Splinter Cell: Blacklist is the latest title I’ve played of theirs, and guess what? It’s very good. A clean PC port, excellent gameplay, and challenging to boot. So why the inconsistency? How was Ghost Recon so badly done and yet Blacklist seems to have made the transition effortlessly? It’s for reasons like this the phrase “don’t hold your breath” is so common within the circles I dwell when talking about Ubisoft, because you just never know. All faith has gone. When you talk about Valve, Gearbox, Irrational, Crytek, these guys have had hits, and misses, but you can’t shake the feeling in your heart that these guys want to make good games; artists constrained by the shackles of commerce. Ubisoft, EA, Activision, these are the billion dollar goliath’s, raking in cash, buying up indie-developers and swallowing their souls. Money machines, worrying ever so slightly about the whole creative side of things – and yes occasionally turning out fucking good games.
That is where they dwell now; the mighty halls of big industry gaming, where the PC crowd are very far from The Master Race. It’s all Assassin’s Creed and Watch Dogs and other AAA titles.
It’s a rollercoaster ride with Ubisoft. You never know which way it’s going to go. The problem is though, they have stung me too many times for me to give them the benefit if the doubt. In fact it’s now the opposite. As much as I may get excited at their upcoming releases, ultimately I assume it will be yet another ruined opportunity. It will take more than Splinter Cell: Blacklist to change that.

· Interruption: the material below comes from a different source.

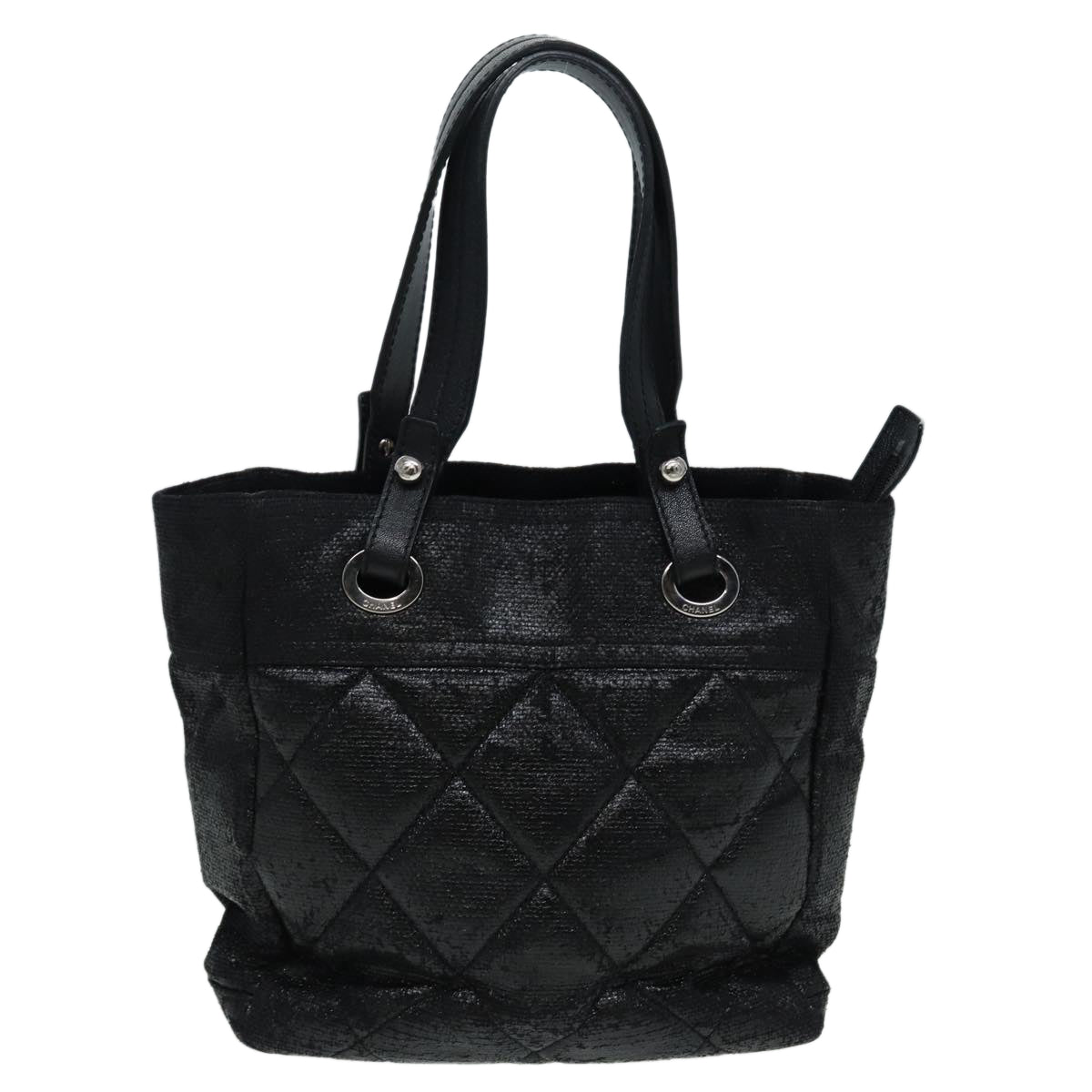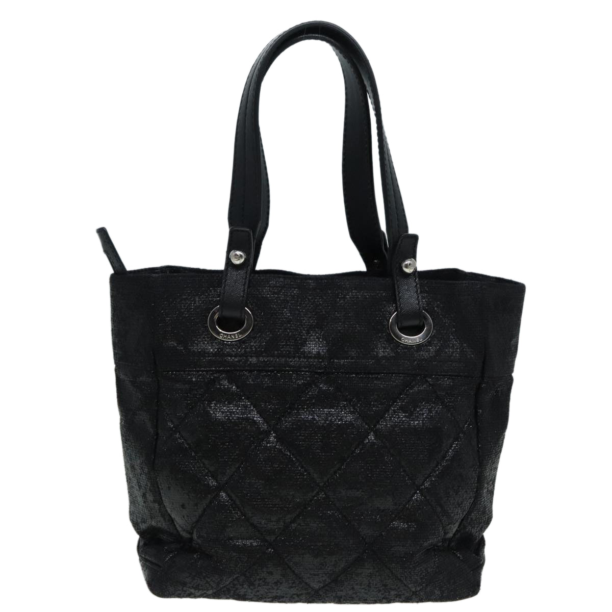 CHANEL Paris Biarritz Tote PM Tote Bag Coated Canvas Black CC Auth yb614

And so what of Ubisoft’s future? Rainbow 6: Patriots is still apparently in the works despite a horrendously bad production thus far which ended up seeing the entire creative team ‘deleted’ and Ubisoft essentially starting again from the ground up. The Division is the next title incoming (due sometime in 2014), and once again it looks like it has vast stacks of potential, with a current-gen breakthrough in destructible and dynamic environments and an excellent 4-player co-op system. But guess what, it was only confirmed that it would have PC release after they asked fans via Twitter to sign a petition and declare interest. I mean Jeeeeesus. They’ve also hinted at a Far Cry 4 which, after the instant classic that was the series third instalment, I am already excited about.
Each one of those three titles alone has the potential to be truly epic and to be a contender for game of the year. But they also have the potential to be crushingly disappointing.
I’m hoping for the former, but guess what, It’s Ubisoft, so I won’t hold my breath.